[WHAT IS REQUIRED] Since the pictures are not wanted, retype the listing below exactly and without them.

[SUPPLIED ENTRIES]
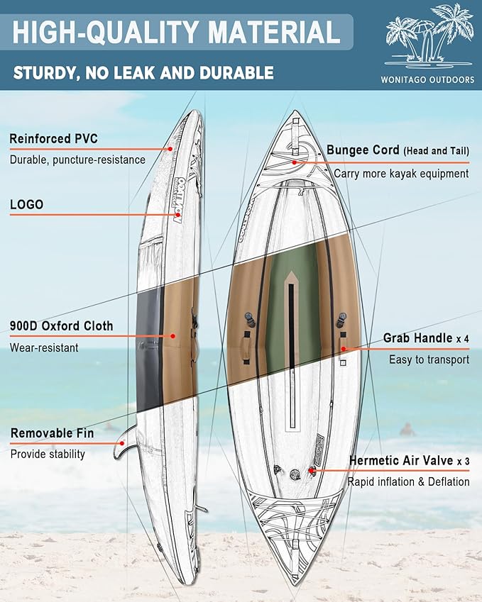 - MUST HAVE FOR OUTDOOR ENTHUSIASTS ---Choose WONITAO, enjoy a happy journey of water sports with your family, whether you're exploring the coast, racing down a river, or enjoying a peaceful lake, our kayaks are the perfect choice for your next adventure
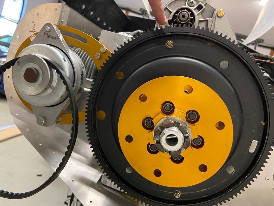 The Tach sensor is from William and it is set to sense the 2 AN3 bolts drilled into Toothed Flywheel 180 deg apart.
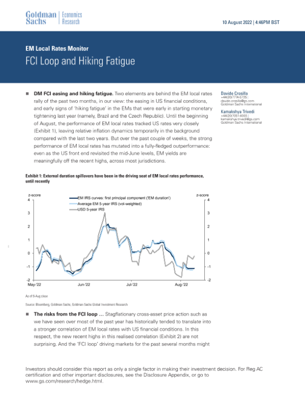 【Goldman Sachs】【20220810】EM Local Rates Monitor FCI Loop and Hiking Fatigue-17页 行业研究
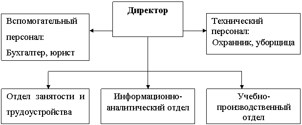 Для более эффективной реализации функций молодёжной биржи предполагается создать организационную структуру, представленную в приложении 7.
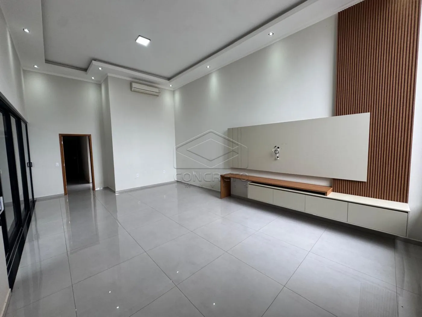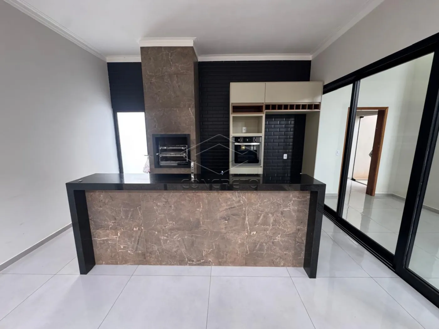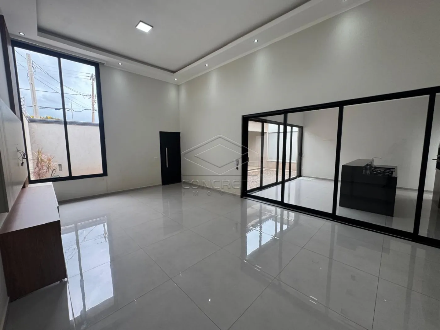 Acabamento em porcelanato, esquadrias de aluminio, pé direito alto
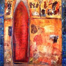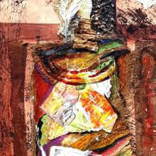 Acrylic paint with collage on canvas, 152x137 cm
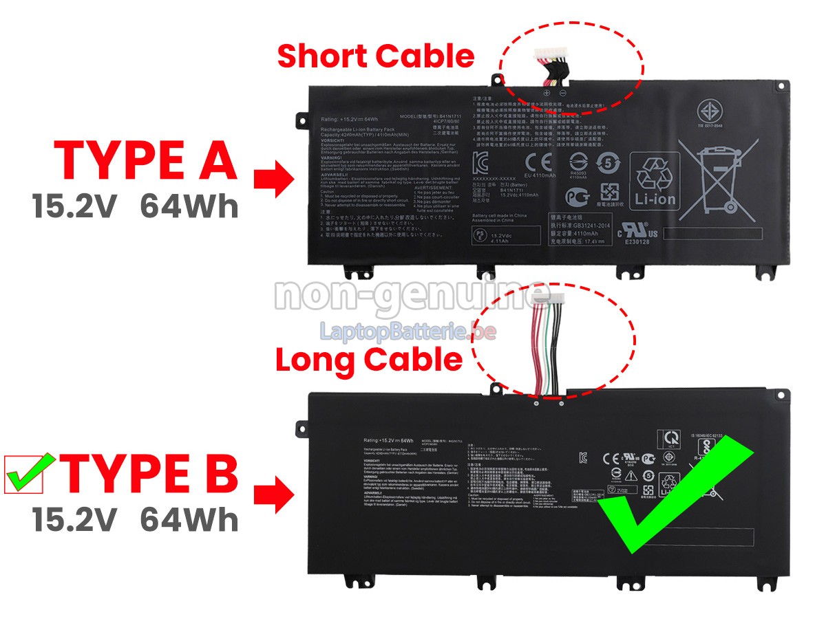 Les modèles compatibles avec la batterie pour Asus FX705GD ne sont pas listés complètement. Si vous n'êtes toujours pas sûr de l'adaptation de cette batterie à votre ordinateur portable Asus, veuillez cliquer sur « Consultation de modèle de batterie » pour obtenir de l'assistance.
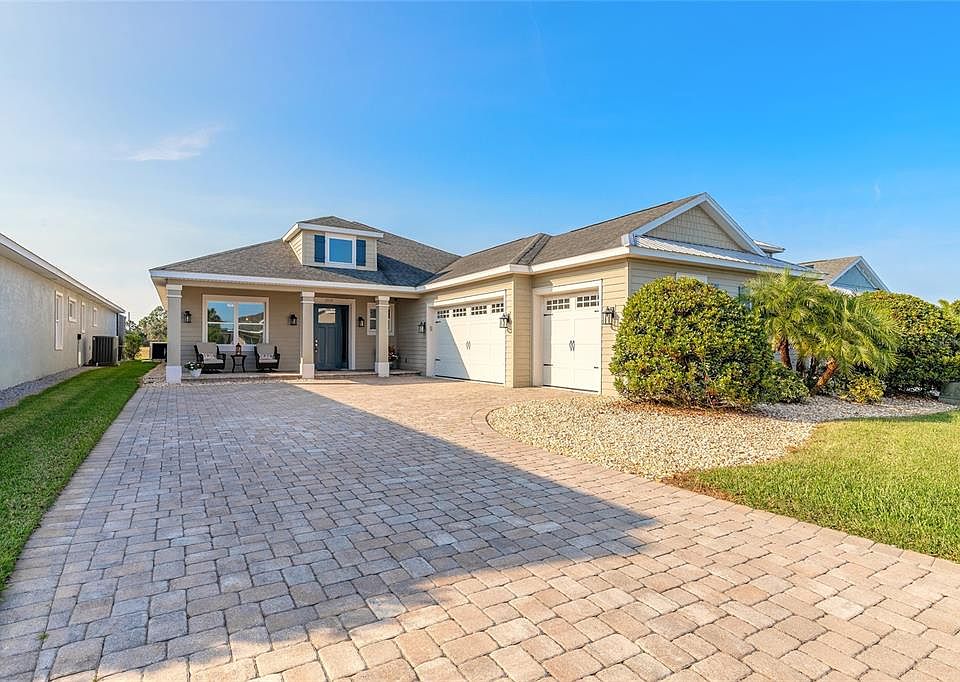 Welcome to 2929 Bella Flore, a meticulously maintained, move-in ready home nestled in a gated golf course community. This stunning 3 bedroom, 3-bath 3 car garage residence features a spacious open layout with wood tile throughout the main living areas, soaring 16-foot ceilings in the foyer, and 12-foot ceilings in the primary living spaces. The chef’s kitchen boasts white cabinetry, granite countertops, and overlooks the expansive living area. The primary suite is a luxurious retreat with a tray ceiling, double sinks, a walk-in shower, and a walk-in closet. The two additional bedrooms both feature their own private bath. Enjoy Florida living at its finest with a screened heated pool, a spacious lanai overlooking the 18th fairway. Additional features include 8-foot doors, a mini split AC system in garage, a spacious laundry room with desk area, and lush, manicured landscaping.
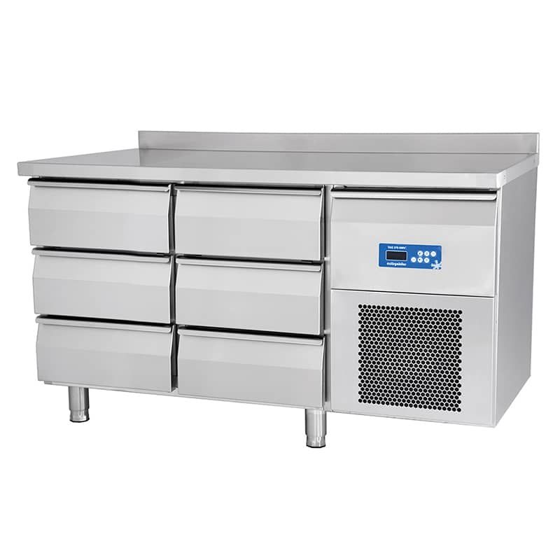 - Standart Norm 325 x 430 mm raf ölçülü 6 çekmeceli tezgah tipi derin dondurucu

[THE COMPLETED TASK]
 - MUST HAVE FOR OUTDOOR ENTHUSIASTS ---Choose WONITAO, enjoy a happy journey of water sports with your family, whether you're exploring the coast, racing down a river, or enjoying a peaceful lake, our kayaks are the perfect choice for your next adventure
 The Tach sensor is from William and it is set to sense the 2 AN3 bolts drilled into Toothed Flywheel 180 deg apart.
 【Goldman Sachs】【20220810】EM Local Rates Monitor FCI Loop and Hiking Fatigue-17页 行业研究
 Для более эффективной реализации функций молодёжной биржи предполагается создать организационную структуру, представленную в приложении 7.
 Acabamento em porcelanato, esquadrias de aluminio, pé direito alto
 Acrylic paint with collage on canvas, 152x137 cm
 Les modèles compatibles avec la batterie pour Asus FX705GD ne sont pas listés complètement. Si vous n'êtes toujours pas sûr de l'adaptation de cette batterie à votre ordinateur portable Asus, veuillez cliquer sur « Consultation de modèle de batterie » pour obtenir de l'assistance.
 Welcome to 2929 Bella Flore, a meticulously maintained, move-in ready home nestled in a gated golf course community. This stunning 3 bedroom, 3-bath 3 car garage residence features a spacious open layout with wood tile throughout the main living areas, soaring 16-foot ceilings in the foyer, and 12-foot ceilings in the primary living spaces. The chef’s kitchen boasts white cabinetry, granite countertops, and overlooks the expansive living area. The primary suite is a luxurious retreat with a tray ceiling, double sinks, a walk-in shower, and a walk-in closet. The two additional bedrooms both feature their own private bath. Enjoy Florida living at its finest with a screened heated pool, a spacious lanai overlooking the 18th fairway. Additional features include 8-foot doors, a mini split AC system in garage, a spacious laundry room with desk area, and lush, manicured landscaping.
 - Standart Norm 325 x 430 mm raf ölçülü 6 çekmeceli tezgah tipi derin dondurucu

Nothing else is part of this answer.